▸ **The task**: Transcribe exactly the lines from the one holding "消耗品などの調達に時間を割き" through the closing line of the entries below. Pictures stay out of the copy.
━━━ Entries supplied
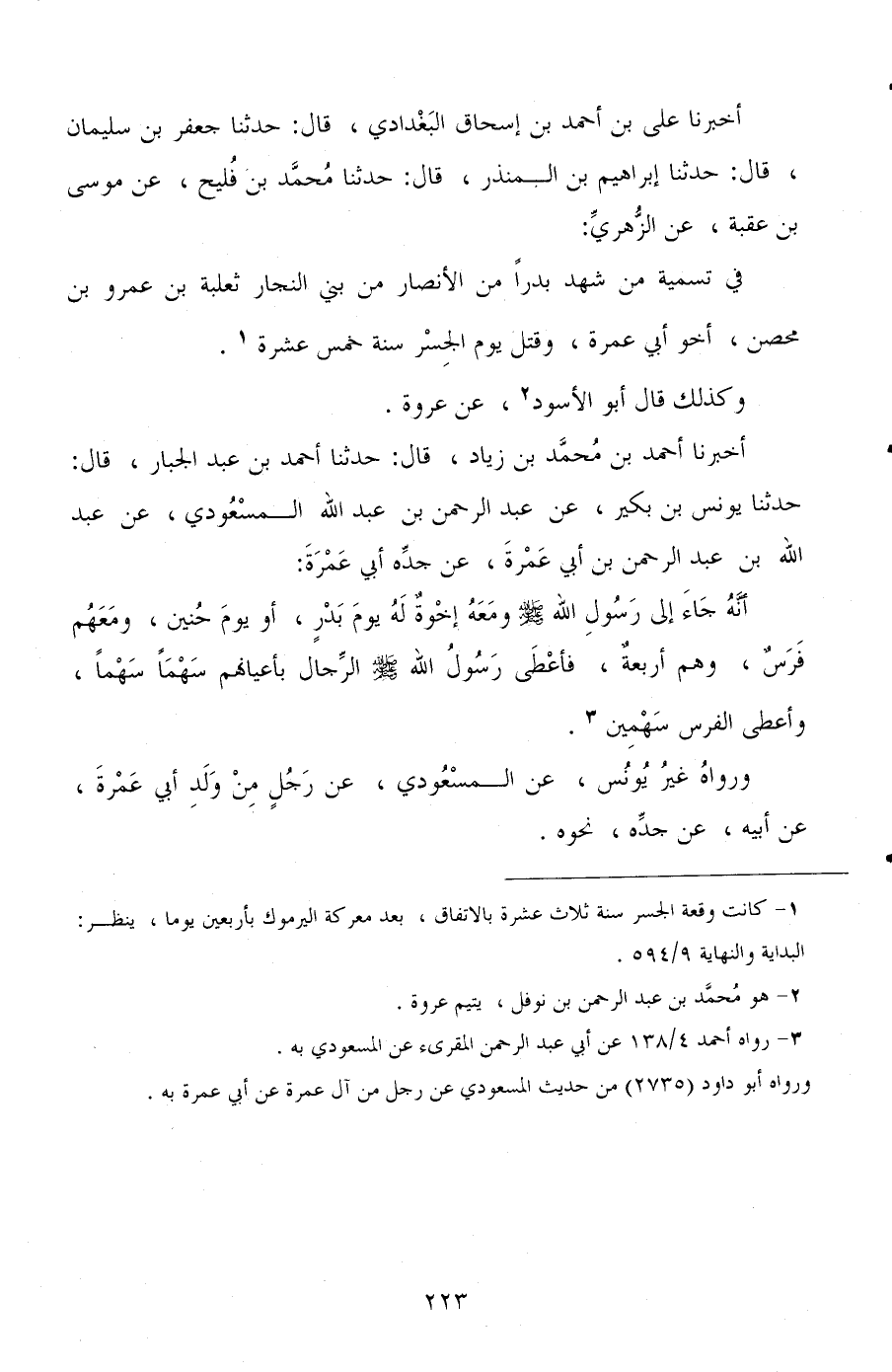أخبرنا أحمد بن محمد بن زياد، قال: حدثنا أحمد بن عبد الجبار، قال: حدثنا يونس بن بكير، عن عبد الرحمن بن عبد الله المسعودي، عن عبد الله بن عبد الرحمن بن أبي عمرة، عن جده أبي عمرة: أنه جاء إلى رسول الله صلى الله عليه وسلم ومعه إخوة له يوم بدر أو يوم حنين ومعهم فرس وهم أربعة، فأعطى رسول الله صلى الله عليه وسلم الرجال بأعيانهم سهمًا سهمًا، وأعطى الفرس سهمين.
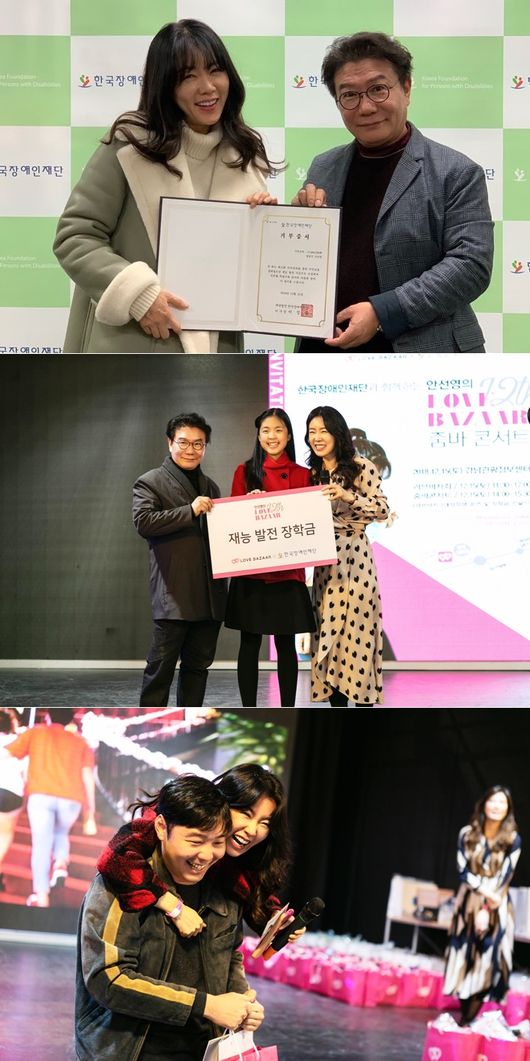 5년째 한국장애인재단 홍보대사를 맡아온 안선영은 지난 10년간 12번의 러브바자를 기획·진행하며 한부모가정 자녀 장학금과 장애인 학생들의 예술지원장학금으로 후원해왔다. 2014년부터 시작된 예술인 후원 프로젝트에서 첫 장학생으로 선발된 신수성 화가는 장애인 최초로 예술의전당(그룹전) 전시에 참가한 프로 화가로 당당히 자리매김했다. 2대 장학생은 색소폰 연주자 권진현 군으로 현재까지도 지속적인 후원이 이뤄지고 있다.
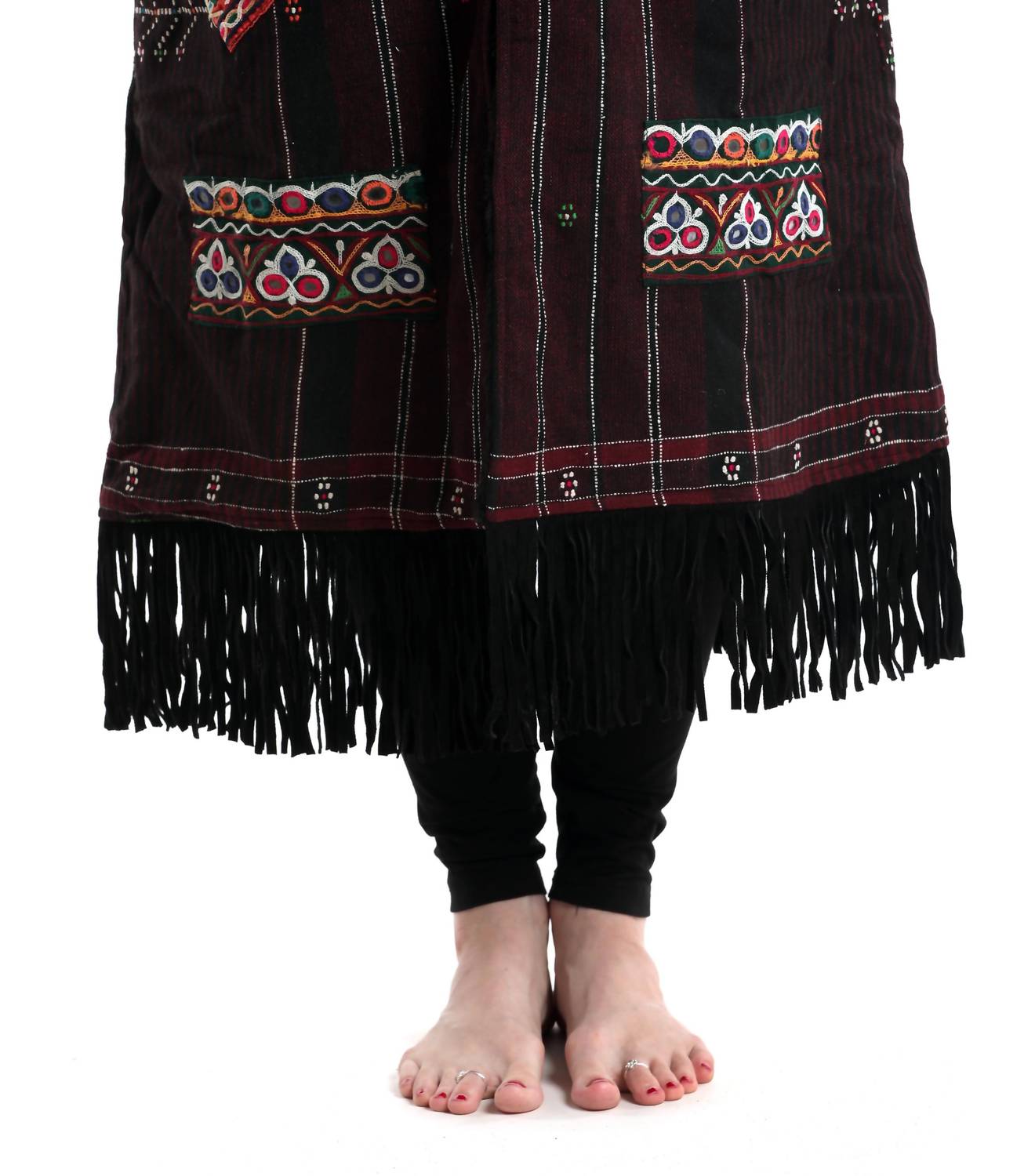 A jacket so versatile you can literally wear it with anything. Introducing the Maroon Merino Wool Kimono Coat by StandAwt, a statement piece perfect for making an impression. Crafted from 100% recycled merino wool with a faux fur lining for warmth, this long-sleeve, patterned coat is lined for extra comfort. It features a button closure and a silk collar, enhanced by hand-embroidered patches, a leather fringe, and tassels, making it ideal for a boho chic look. This rare, one-of-a-kind coat includes two large pockets and a secret pocket, emphasizing both style and functionality. Care: Hand wash and lay flat to dry.
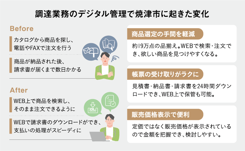 消耗品などの調達に時間を割きたくはないが、商品探しに時間がかかることもある。そこで焼津市では、地方公共団体向け商品が揃い、金額も分かりやすい調達サービスを利用。請求処理もスピーディになったという。
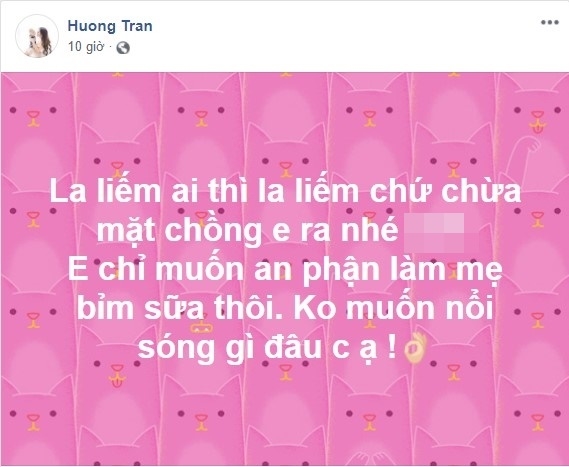 Ngay sau đó, vợ Việt Anh cũng thông qua facebook "đá xéo" các vệ tinh của chồng mình: “La liếm ai thì la liếm chứ chừa mặt chồng em ra nhé! Em chỉ muốn an phận làm mẹ bỉm sữa thôi. Không muốn nổi sóng gì đâu chị ạ!”.
━━━━━━
▸ **Your response**:
 消耗品などの調達に時間を割きたくはないが、商品探しに時間がかかることもある。そこで焼津市では、地方公共団体向け商品が揃い、金額も分かりやすい調達サービスを利用。請求処理もスピーディになったという。
 Ngay sau đó, vợ Việt Anh cũng thông qua facebook "đá xéo" các vệ tinh của chồng mình: “La liếm ai thì la liếm chứ chừa mặt chồng em ra nhé! Em chỉ muốn an phận làm mẹ bỉm sữa thôi. Không muốn nổi sóng gì đâu chị ạ!”.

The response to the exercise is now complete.